Start of DATA EXTRACT

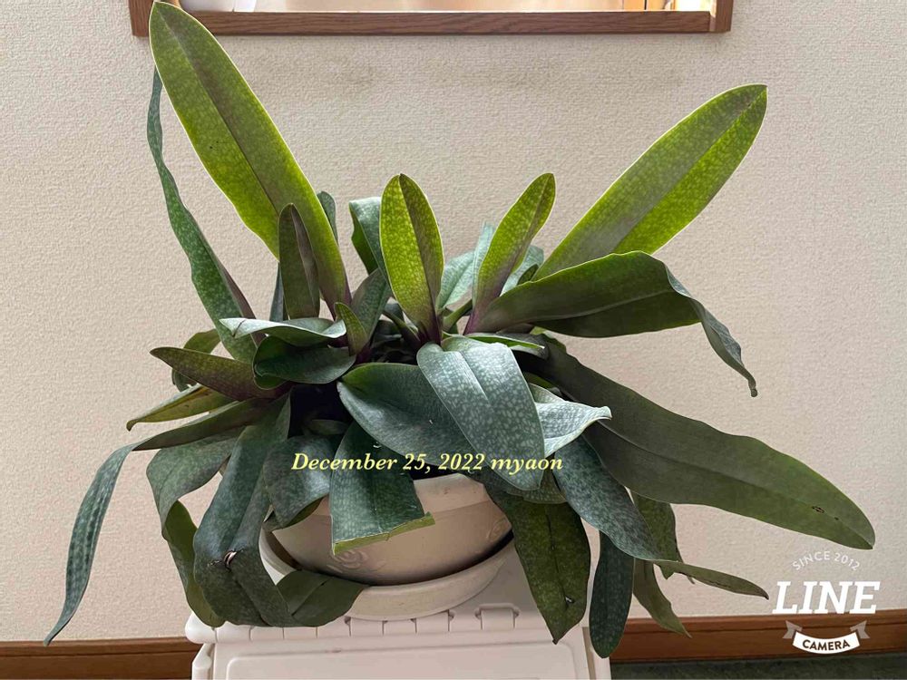 今年の4月ごろ咲いてからずっと部屋で過ごしているリア。真夏以外はLEDライトの光を当てて過ごしています。戸外に置いてあるよりも葉の状態がいいかな?
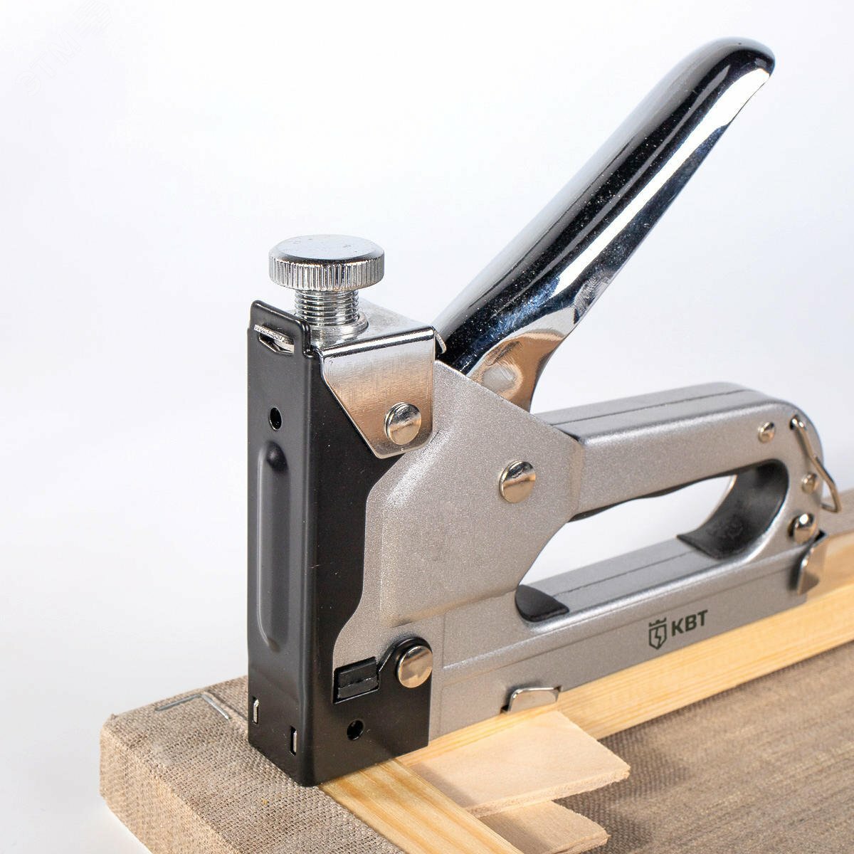 Строительный степлер мебельный ручной с регулировкой силы удара КВТ СТС-1 79853 Профессиональный, стальной, гвоздизабивной
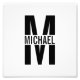 featuring personalized monogram in black bold modern sans serif font style with box of name in the middle of monogram.

End of DATA EXTRACT

WHAT IS EXPECTED: Only the lines from the line holding "Строительный степлер мебельный" through the last line above belong in the answer, repeated exactly; the pictures do not.

OUTPUT FOR THIS EXERCISE:
 Строительный степлер мебельный ручной с регулировкой силы удара КВТ СТС-1 79853 Профессиональный, стальной, гвоздизабивной
 featuring personalized monogram in black bold modern sans serif font style with box of name in the middle of monogram.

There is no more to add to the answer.